Enter your server username and password.
If you already have an SQL Azure database, then enter it’s name in the Database field. If you don’t have a database, you can quickly create one using the web application generator. The next few steps explain how to create a sample Northwind database.
In the Database field, write “Northwind”. Press the Create button to create the database. Press Yes to confirm creation of the database.
You will be notified that the database has been created. Press OK to close the notification, and select Northwind from the Sample Tables dropdown. Press Install to install the Northwind sample into the database, and press Yes to confirm.
Once complete, you will be notified. Press OK to close the notification.
The next steps explain configuration of ASP.NET Membership and Session State management that apply to any database.
Let’s add ASP.NET Membership to this database. Under Membership, press Add. Press OK to confirm installation.
Once complete, press OK to close the notification.
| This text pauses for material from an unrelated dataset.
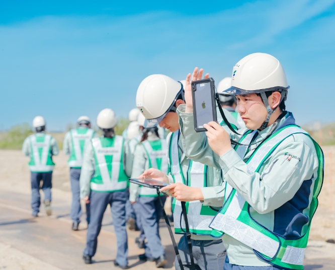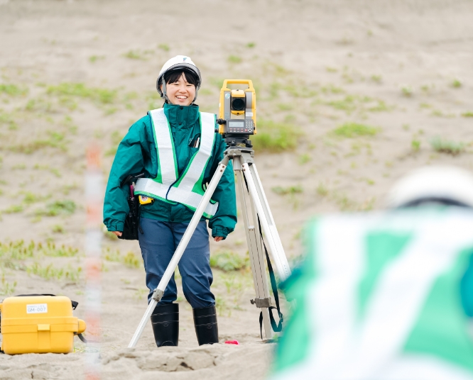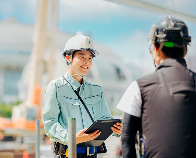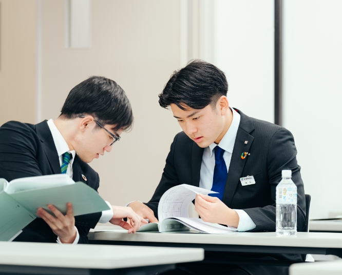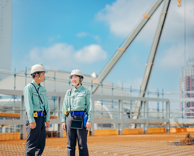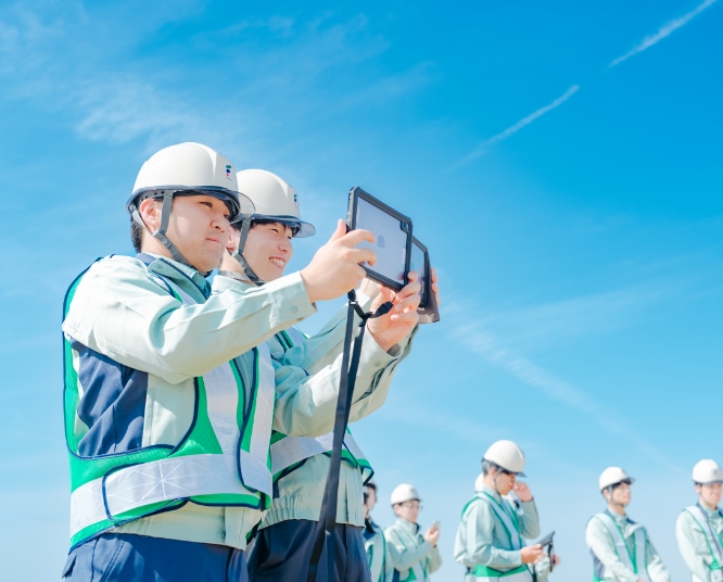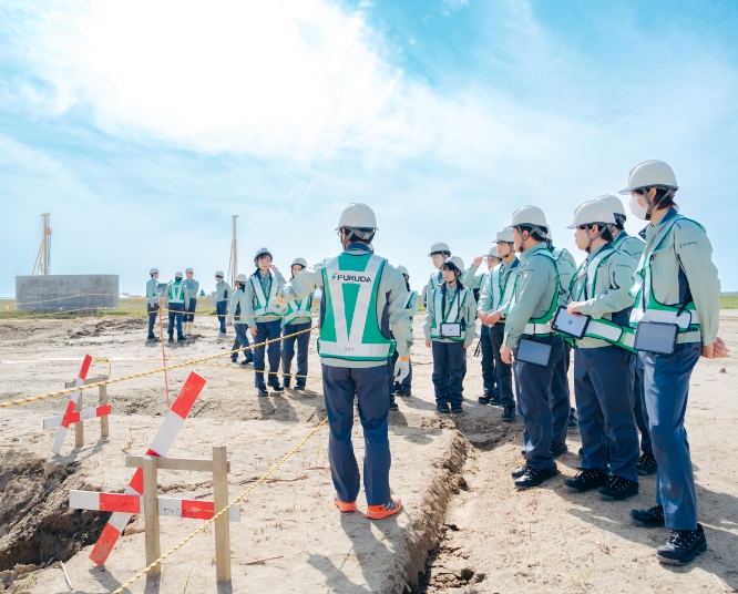 設計、建築設備、管理部の社員は5月中に各部門へ配属されます。また、土木・建築施工管理の社員は6月上旬に各地の施工現場へ仮配属され、先輩社員の指導のもと、実務を通じて施工管理や業務の基本を学びます。

By default, Azure Factory applications are configured to use two extra-small server instances in the cloud. If you use multiple instances, then Session State management must be included in the application. Under Session State, press Add. Press OK to confirm the installation.
Press OK to close the notification, and press OK one more time to save the connection string. Press Next twice to get to the Reporting page.
Check the box to enable reporting, and keep pressing Next to reach the Theme page.
Let’s choose the Azure theme. Select Azure from the list.
Hold down Shift key, and press Next. This shortcut will take you to the Summary page. Press the Generate button.
Wait until the generator finishes, and your default browser will open with your new web application. While the application is running on your computer, the database is located in the cloud. You can log in and start using the app immediately.
Deploying the Web App
It’s time to deploy the app to Azure. Go back to the generator, and click on the project name. Press Publish.
The generator will package the web application and create the files necessary for deployment. A Windows Explorer screen will open and display the location of the files.
Log in to your Windows Azure Management Portal, and switch to Hosted Services, Storage Accounts & CDN section in the bottom left corner. In the folders, click on Hosted Services. Select your subscription, and press New Hosted Service on the ribbon.
Use the following settings for your new hosted service:
|Choose a subscription||3-Month Free Trial|
|Enter a name for your service||AzureFactory|
|Enter a URL Prefix for your service||AzureFactory (if not available, use something else)|
|Choose a region or affinity group||Anywhere US (or your closest region)|
|Deployment options||Deploy to stage environment|
|Package location||~\MyDocuments\CodeOnTime\Publish\Azure Factory\AzureFactory\CloudApp.cspkg|
|Configuration file||~\MyDocuments\CodeOnTime\Publish\Azure Factory\AzureFactory\ServiceConfiguration.cscfg|
Press OK, and Windows Azure will start the deployment process. This step may take 10-15 minutes. Once the status of the deployment changes to Ready, use the link found under Properties. You will be taken to the fully functional website running in the cloud .
If you look at the URL, you will notice that it uses the ID of the deployment, not the requested DNS Name. This is because the deployment is a staging deployment. You can go back to the management portal, and choose Swap VIP to change it into a production deployment. Now you can use the DNS Name you specified during creation of the hosted service.
When you are ready to deploy a new project revision, create a new staging deployment. Test the new deployment in the cloud. If everything is working as expected, then swap the virtual IP address of the staging deployment with the production one. Click Swap VIP button on the Management Portal ribbon to do so.
When VIP swapping has finished, the previous application revision will become a staging deployment. Shut it down if you don’t need it. Continue upgrading staging deployment with the new revisions of the application, and swapping them later with production.